I have received a lot of help here on my basement project. But I have read many articles and discussion on how to insulate my walk-out basement and i am stuck

We have the entire back side of our basement wall (2x6 stud/sheathing)that we are trying to figure out the best way to insulate.
The other walls in the basement are concrete 8ft high with 2x4 studing inch away and a 2x6 stud wall to the garage which is already insulated with kraft faced insulation R19.

I was wondering if you could use the Extruded Polystyrene Foam boards on the outside wood basement walk out wall not concrete? Or should i use the unfaced batts or faced batts and dyrwall over? 

Thanks for the help


----------



## Windows on Wash (Aug 30, 2011)

I was thinking through the exact same question in my basement today while getting some tools put together.

The foam is best suited to be against the concrete wall. If you have a 1" gap, you should be able to slide it between the studs and get it against the wall.

Applying it to the interior stud wall will create a complete vapor barrier if it is the polyethylene skinned type of XPS. 
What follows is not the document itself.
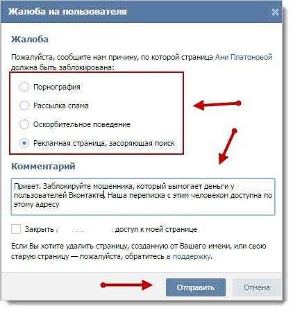 Также, желательно поставить галочку над нижней строчкой – Закрыть «Васе Пупкину» доступ к моей странице и жмём «Отправить». Данный запрос поступит к модераторам ВК.
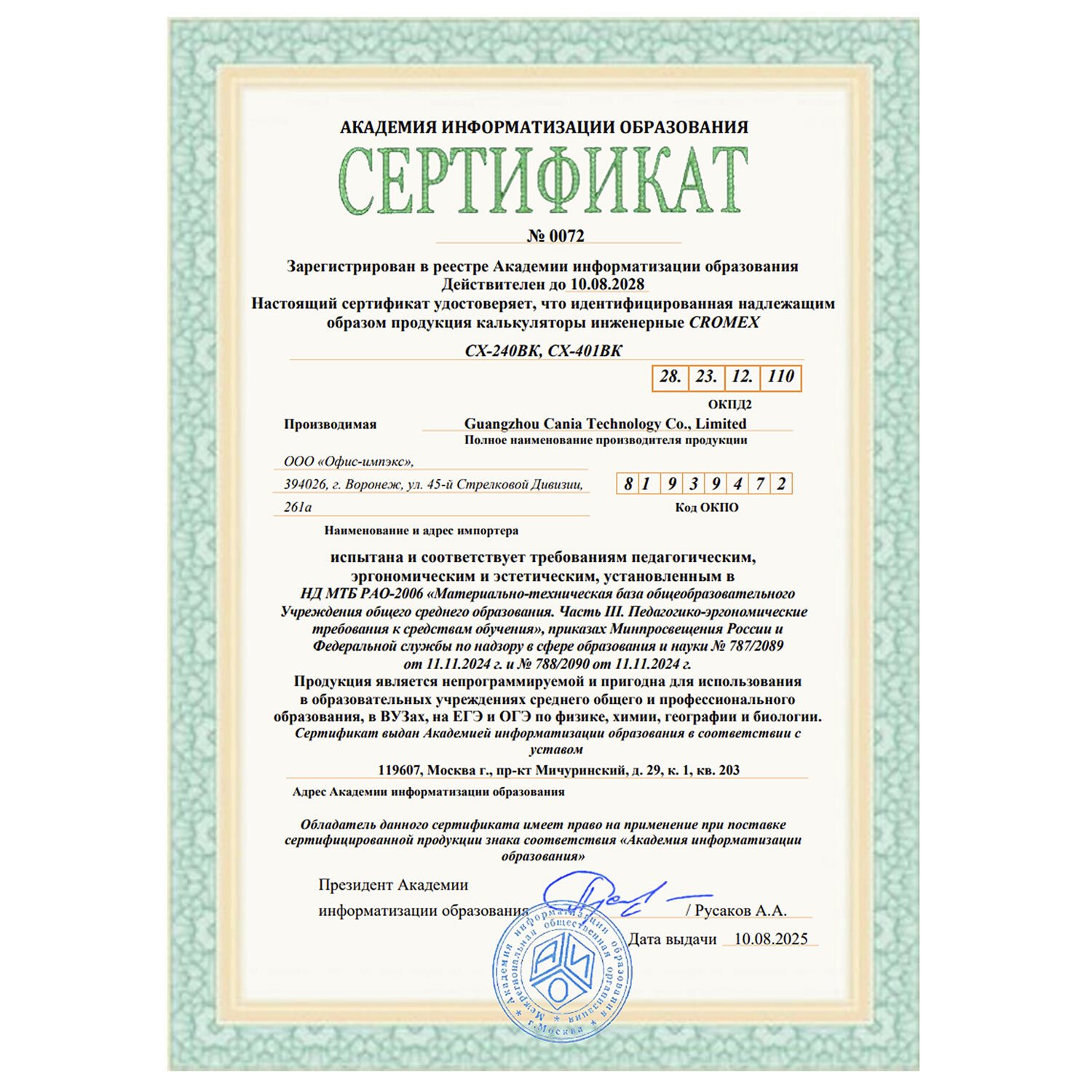 | Сертифицирован для ЕГЭ | да |

The vapor barrier control of that board is most effectively placed directly against the interior concrete wall.

I may be misunderstanding your question so I apologize in advance if I did.


----------



## spring3100 (May 6, 2011)

I used ROXUL on the wood,above grade side of my walkout basement.

Bonus is that ROXUL in 2X6 studs gives you R-23 vs R-19,and it is moisture and mold resistant.


----------



## fenders (Apr 27, 2011)

question ; What did you guys do with the little concrete wall under the sliding door. Not sure what you call it but on my wlakout basement I have an 1-2 inches of concrete at thebase of my mostly insulated wall. 

Do you use a small piece of rigid foam all along ther bottom?


----------



## Windows on Wash (Aug 30, 2011)

Is the wall being framed out with 2x4/6's?

If not, I would leave it alone. People will invariably step on the foam and break it off it you don't have it protected with some sort of extension jamb.

It is not that big a thermal short circuit in the greater picture and there is alot more the basement that can take improvement first I would bet.


----------



## ddave23 (May 29, 2008)

spring3100 said:


> I used ROXUL on the wood,above grade side of my walkout basement.
> 
> Bonus is that ROXUL in 2X6 studs gives you R-23 vs R-19,and it is moisture and mold resistant.


I have never used ROXUL before...do I need a vapor barrier on top of the ROXUL?


----------



## benjamincall (Apr 25, 2008)

ddave23 said:


> I have never used ROXUL before...do I need a vapor barrier on top of the ROXUL?


Yes, on the inside:

http://www.roxul.com/residential/how+to+install+roxul

The insulation is porous and would allow warm, moisture-laden air from the interior to hit cold sheathing, creating a condensation problem.


----------



## Gary in WA (Mar 11, 2009)

Foamboard outside is good to raise the dew point of the wall cavity to prevent condensation; http://www.buildingscience.com/documents/reports/rr-0412-insulations-sheathings-and-vapor-retarders

http://www.greenbuildingadvisor.com...lating-minimum-thickness-rigid-foam-sheathing This way eliminates the plastic vapor barrier inside, reducing the Class required, if under the IRC; http://publicecodes.citation.com/icod/irc/2009/icod_irc_2009_6_sec001_par004.htm

http://publicecodes.citation.com/icod/irc/2009/icod_irc_2009_6_sec001_par005.htm
It also prevents thermal bridging of the wall studs/plates.

What will be the siding material?

Gary


----------